Deploy community models by using EAS - Platform For AI - Alibaba Cloud Documentation Center

Elastic Algorithm Service (EAS) provides preset images for deploying community models and includes acceleration mechanisms for model distribution and image startup. You can quickly deploy community models to the EAS platform by configuring only a few parameters. This topic describes how to deploy community models from Hugging Face.

Background information

Open model communities, such as Hugging Face, offer a wide range of machine learning models and code implementations. Their library interfaces encapsulate the models, frameworks, and related processing logic. These interfaces allow you to perform end-to-end operations, such as model training and invocation, using only a few lines of code. This eliminates the need to handle complex issues such as environment dependencies, pre-processing and post-processing logic, or framework types during model use and deployment. This ecosystem improves upon the framework-model paradigm of TensorFlow and PyTorch.

EAS also provides optimized support for this paradigm, allowing you to deploy community models with a single click.

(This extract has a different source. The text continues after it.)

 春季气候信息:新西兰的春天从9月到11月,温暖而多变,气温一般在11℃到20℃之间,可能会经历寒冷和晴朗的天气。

Deploy a Hugging Face model

Platform for AI (PAI) lets you quickly deploy models from the Hugging Face tasks library as online model services in EAS. The procedure is as follows:

Select a model to deploy from the official tasks library. This topic uses a text classification model as an example. Go to the distilbert-base-uncased-finetuned-sst-2-english model page. Obtain the values for MODEL_ID, TASK, and REVISION as shown in the following figure, and save them locally.

Refer to the following table for the required TASK value for deploying an EAS service. Only the listed TASK types are supported.

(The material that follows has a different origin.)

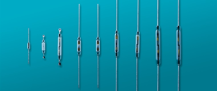 ガラスカプセルに磁性体のリードを対向させて接点としたものを封入した構造で、磁気に反応して接点を開閉します。ガラスカプセル内は不活性の窒素ガスで満たされており、接点は周辺環境の影響を受けないため高い信頼性と耐久性を確保することができます。

TASK displayed on the Hugging Face page	TASK to specify in EAS
Audio Classification	audio-classification
Automatic Speech Recognition(ASR)	automatic-speech-recognition
Feature Extraction	feature-extraction
Fill Mask	fill-mask
Image Classification	image-classification
Question Answering	question-answering
Summarization	summarization
Text Classification	text-classification
Sentiment Analysis	sentiment-analysis
Text Generation	text-generation
Translation	translation
Translation (xx-to-yy)	translation_xx_to_yy
Text-to-Text Generation	text2text-generation
Zero-Shot Classification	zero-shot-classification
Document Question Answering	document-question-answering
Visual Question Answering	visual-question-answering
Image-to-Text	image-to-text

Deploy the Hugging Face model on the EAS Model Online Service page.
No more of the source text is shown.